Heat 1 Tbsp of the oil in a heavy-based frying pan and cook onions and peppers until they are very soft and starting to brown (about 10 minutes). Move to one side of the pan, increase heat to high, add the remaining oil and stir-fry the beef for about 1 minute . Don't overcook. (You may need to lift out the onions and peppers or cook the beef in two batches if you don't have a very big pan). Toss to combine the beef, onions and peppers and pile on to a serving platter.
Serve with tortillas, side salad lettuce and avocado mash or guacamole. If using, so people can build
their own fajitas.
Mexican Meatballs with Firecracker Sauce
You could also cook these amazingly speedy oven-baked meatballs on a grill hotplate or in a frying pan – just cook until they are firm and golden. The sauce also makes a great base to cook mince/ground meat and beans for a simple chilli meal.
Ready in 25 mins
Serves 10-12 at a pass-around party
Sauce makes about 1¼ cups
2 Tbsp oil
¼ cup smoky spice mix
2 x 400g cans chopped tomatoes
4 tsp soft brown sugar
500g pork mince
¼ cup grated onion
2 Tbsp chopped coriander leaves
2-3 Tbsp smoky spice mix, or use store-bought Fajita or Cajun spice mix
1 tsp salt
Ground black pepper, to taste
To make firecracker sauce, heat oil a small pot over a medium heat, add spice mix and sizzle for a few seconds.
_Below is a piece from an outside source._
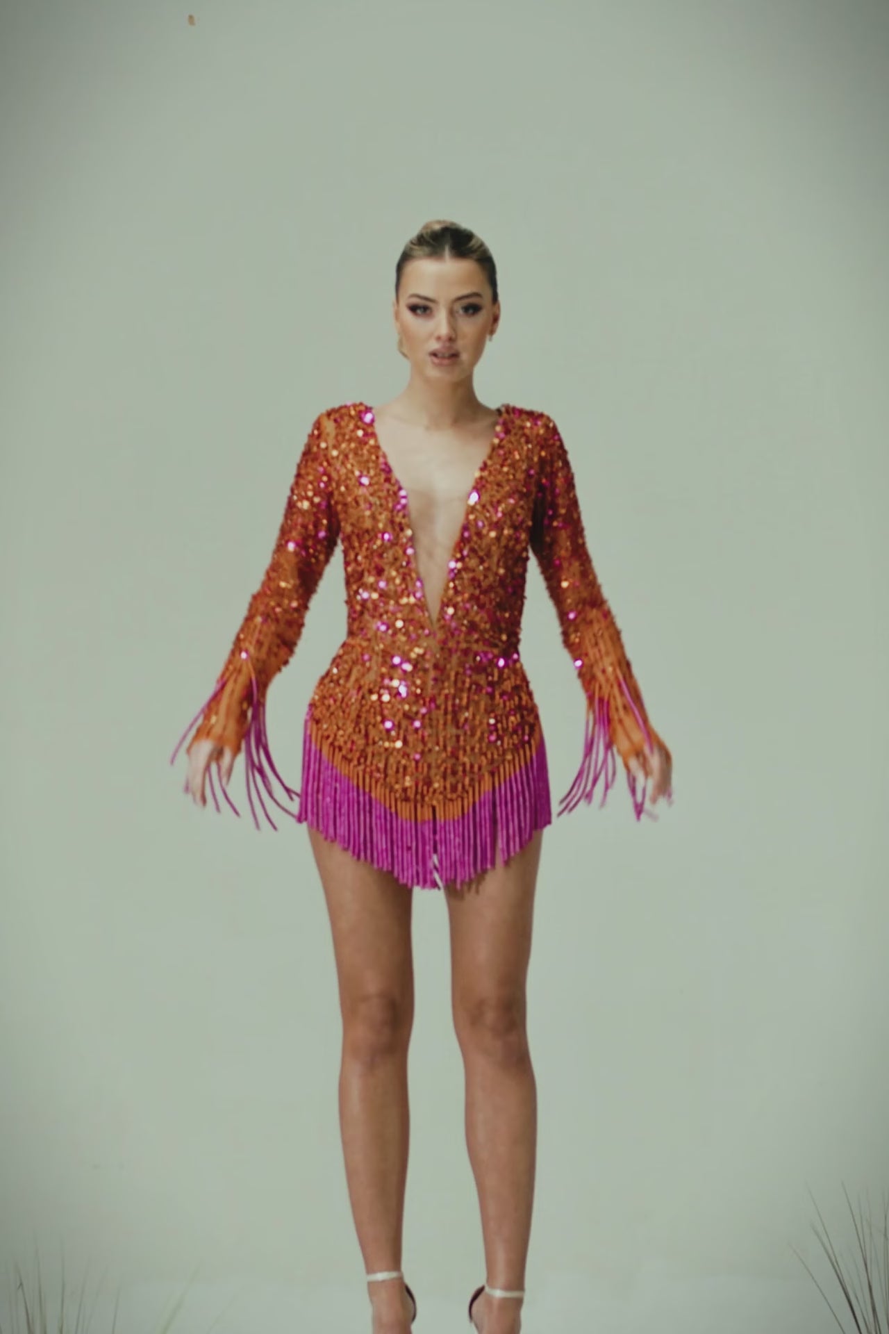 Every inch of this dress is adorned with a mesmerizing array of pink and orange sequins and beads, shimmering and catching the light with every movement. The striking contrast between the two hues creates an electrifying effect, symbolizing confidence and strength.

Add tomatoes and sugar and simmer gently over a low heat, stirring occasionally, until lightly thickened (about 20 minutes). Sauce will keep covered and chilled for up to a week.
Preheat oven to 180C fanbake and line a shallow roasting dish with baking paper for easy clean-up. Combine all meatball ingredients in a large mixing bowl until evenly incorporated. Form into balls about the size of large walnuts and arrange on the prepared tray. Bake until golden and firm (12-15 minutes).
Serve meatballs with toothpicks and sauce for dipping.